■ Problem to solve ■
Everything below from the line with "Kuromi retro 80s" through the line with "ヴィンテージ樹脂の枝角ガラスボウル3灯シャンデリア" must be retyped exactly, except the pictures.

■ Supplied entries ■

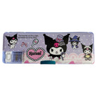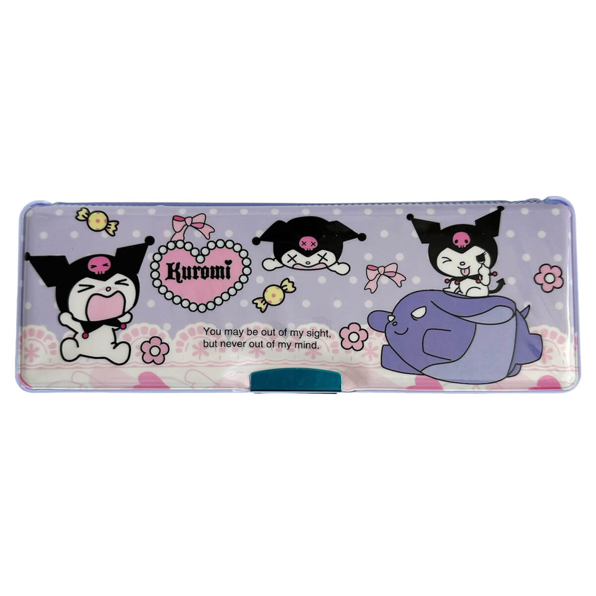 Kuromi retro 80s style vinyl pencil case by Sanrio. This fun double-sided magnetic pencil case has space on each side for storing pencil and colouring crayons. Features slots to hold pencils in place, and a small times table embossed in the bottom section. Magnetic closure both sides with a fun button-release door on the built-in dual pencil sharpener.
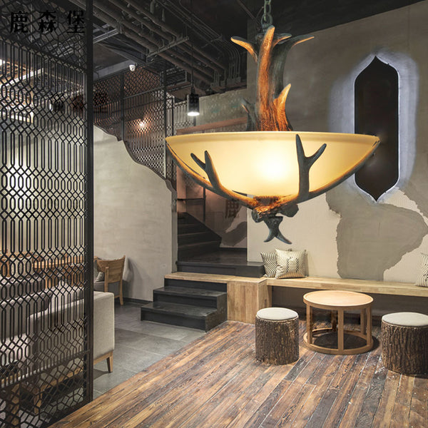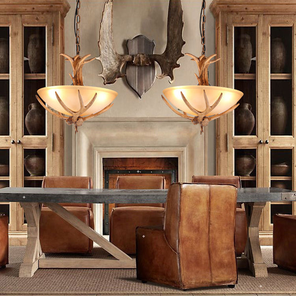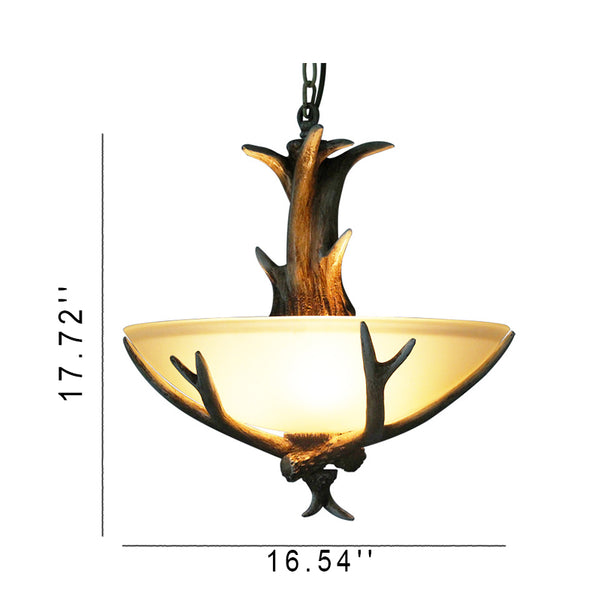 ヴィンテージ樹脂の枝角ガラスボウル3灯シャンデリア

...

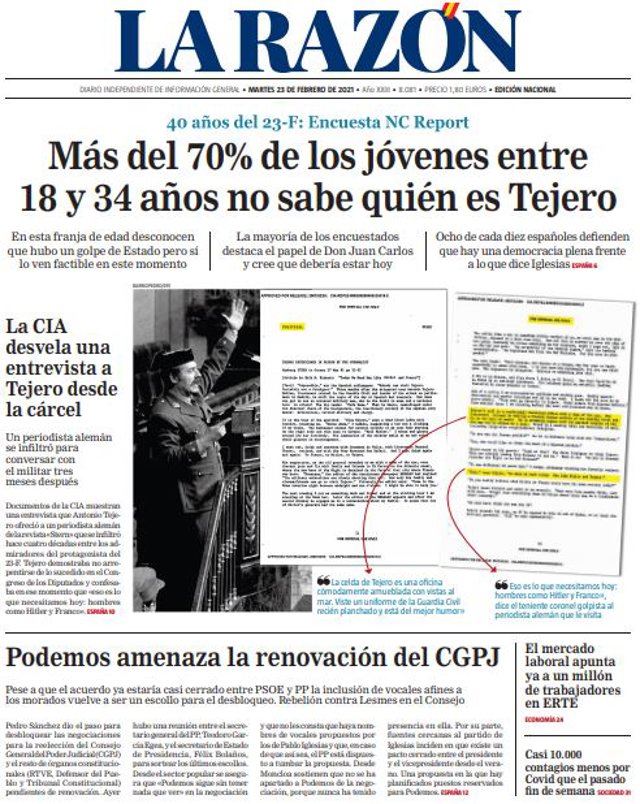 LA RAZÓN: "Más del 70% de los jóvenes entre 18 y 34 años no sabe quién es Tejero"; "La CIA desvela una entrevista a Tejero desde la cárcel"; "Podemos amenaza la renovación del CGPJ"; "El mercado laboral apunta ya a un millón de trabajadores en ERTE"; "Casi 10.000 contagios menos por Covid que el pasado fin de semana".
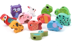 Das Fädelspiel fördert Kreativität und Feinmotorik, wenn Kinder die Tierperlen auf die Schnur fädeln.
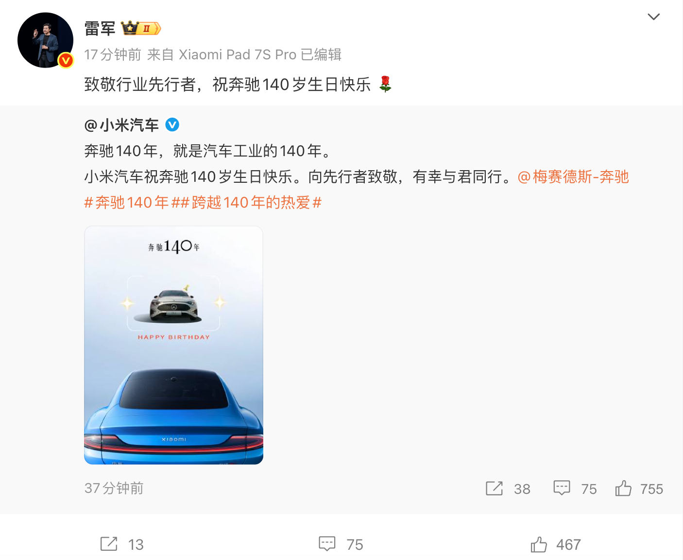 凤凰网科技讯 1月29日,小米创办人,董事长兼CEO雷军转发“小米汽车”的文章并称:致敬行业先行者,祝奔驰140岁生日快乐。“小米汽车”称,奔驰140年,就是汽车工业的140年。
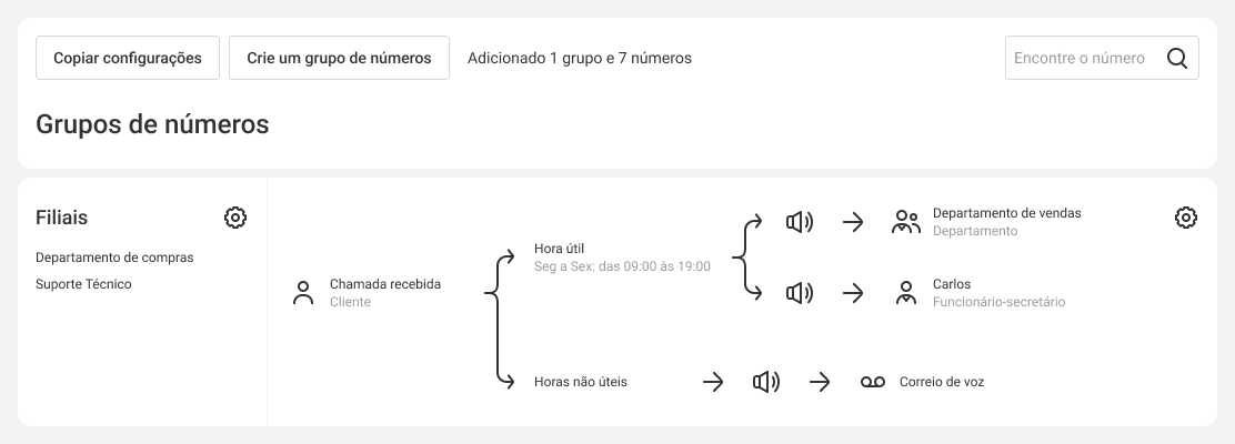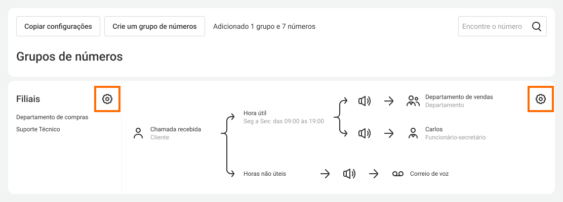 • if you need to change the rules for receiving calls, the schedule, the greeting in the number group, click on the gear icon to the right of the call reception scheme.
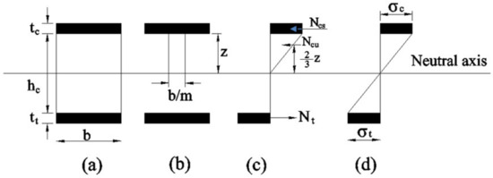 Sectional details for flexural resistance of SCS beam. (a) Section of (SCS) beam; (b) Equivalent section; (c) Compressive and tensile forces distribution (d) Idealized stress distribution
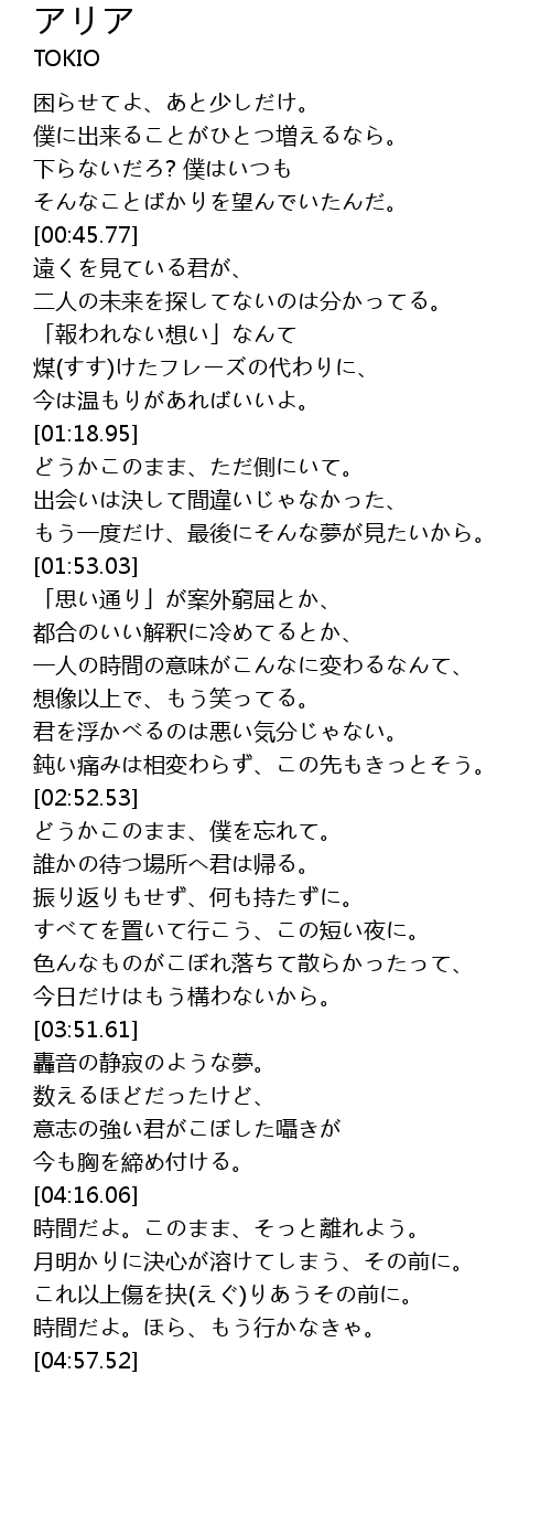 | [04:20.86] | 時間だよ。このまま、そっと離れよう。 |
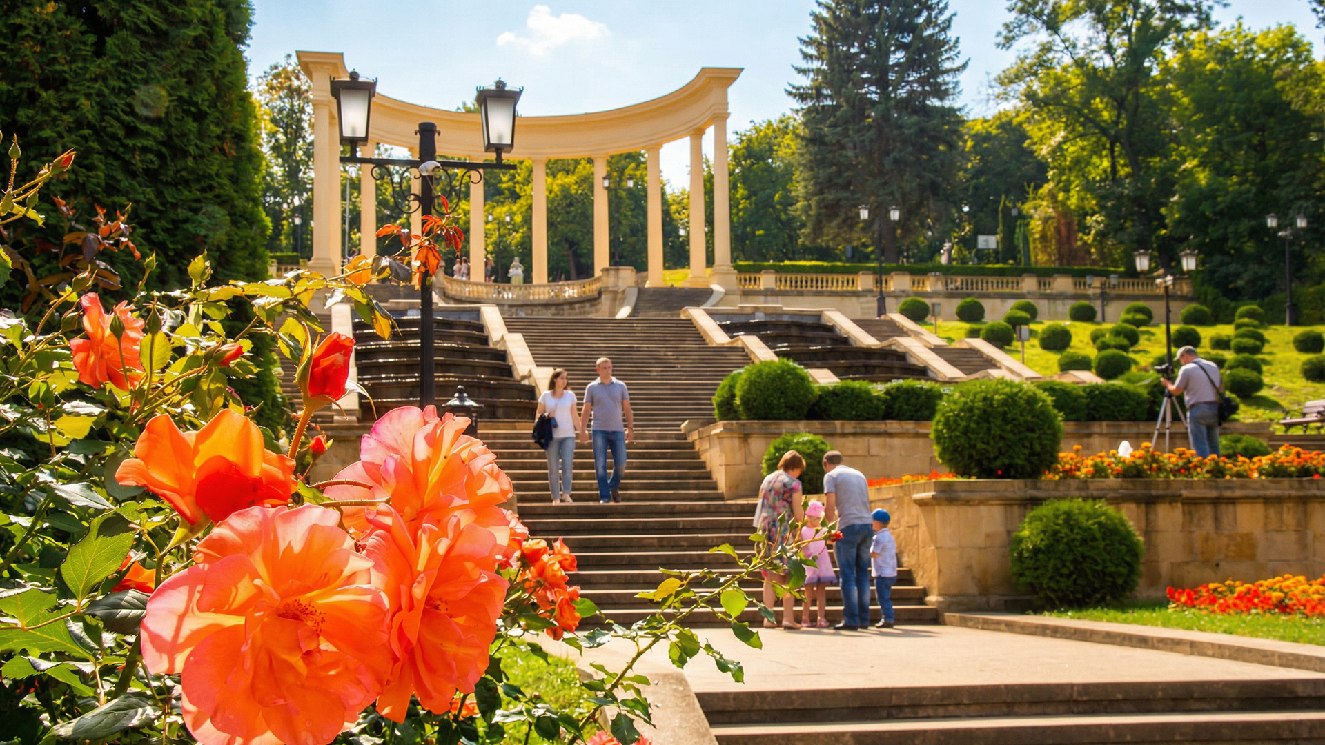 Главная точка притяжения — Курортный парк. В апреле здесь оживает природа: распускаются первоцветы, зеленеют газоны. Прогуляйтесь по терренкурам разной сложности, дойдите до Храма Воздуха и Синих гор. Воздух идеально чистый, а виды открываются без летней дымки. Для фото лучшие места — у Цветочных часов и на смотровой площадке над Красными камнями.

...

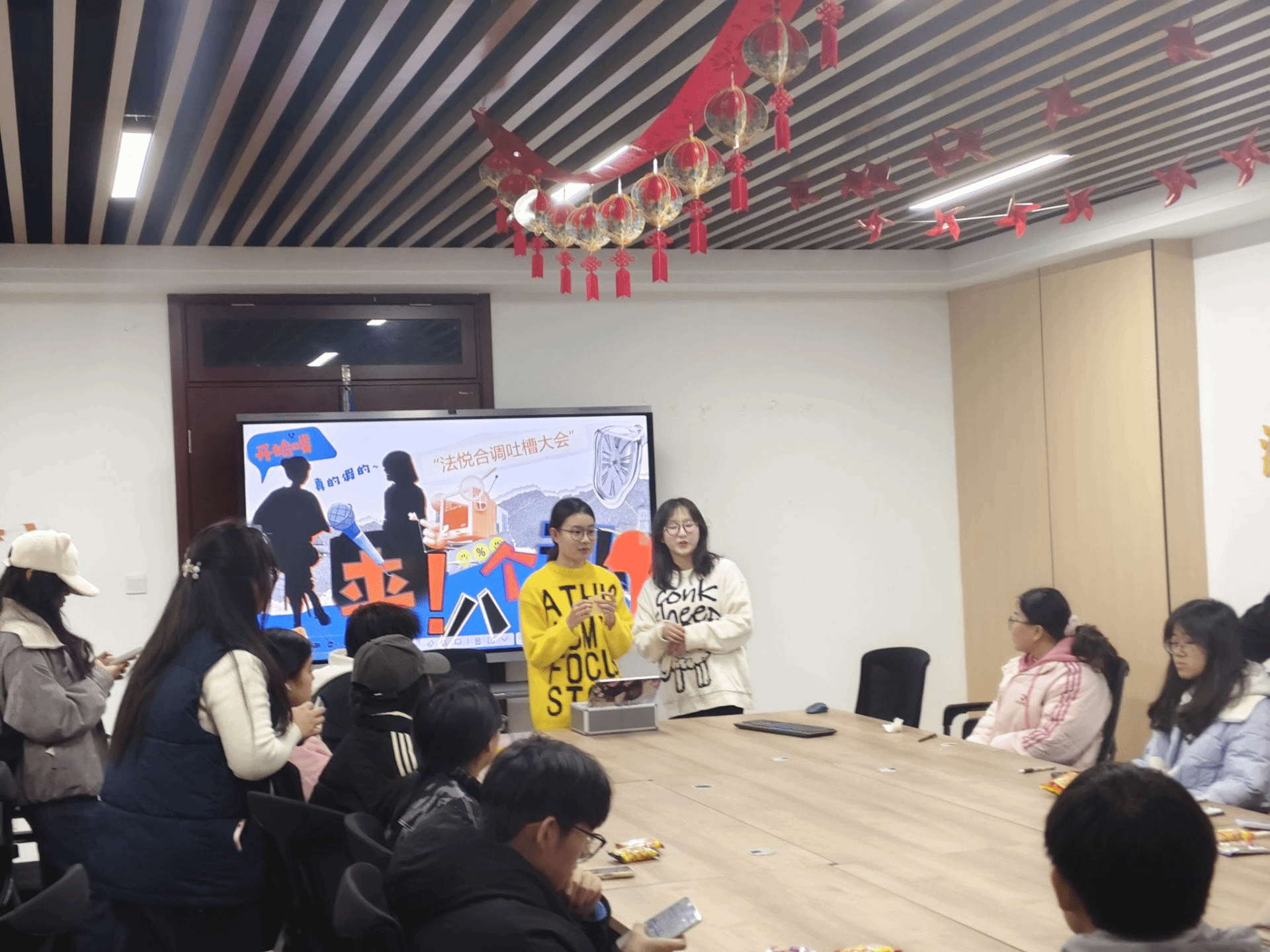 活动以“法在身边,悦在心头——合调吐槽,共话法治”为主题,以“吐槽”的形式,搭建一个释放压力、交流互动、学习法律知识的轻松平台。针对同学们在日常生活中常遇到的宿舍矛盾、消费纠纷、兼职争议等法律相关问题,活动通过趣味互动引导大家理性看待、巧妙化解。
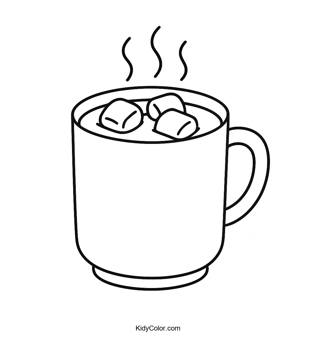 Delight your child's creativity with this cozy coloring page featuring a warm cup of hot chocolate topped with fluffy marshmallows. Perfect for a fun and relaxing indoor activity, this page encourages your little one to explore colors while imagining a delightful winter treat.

■ Answer for the task ■
 Kuromi retro 80s style vinyl pencil case by Sanrio. This fun double-sided magnetic pencil case has space on each side for storing pencil and colouring crayons. Features slots to hold pencils in place, and a small times table embossed in the bottom section. Magnetic closure both sides with a fun button-release door on the built-in dual pencil sharpener.
 ヴィンテージ樹脂の枝角ガラスボウル3灯シャンデリア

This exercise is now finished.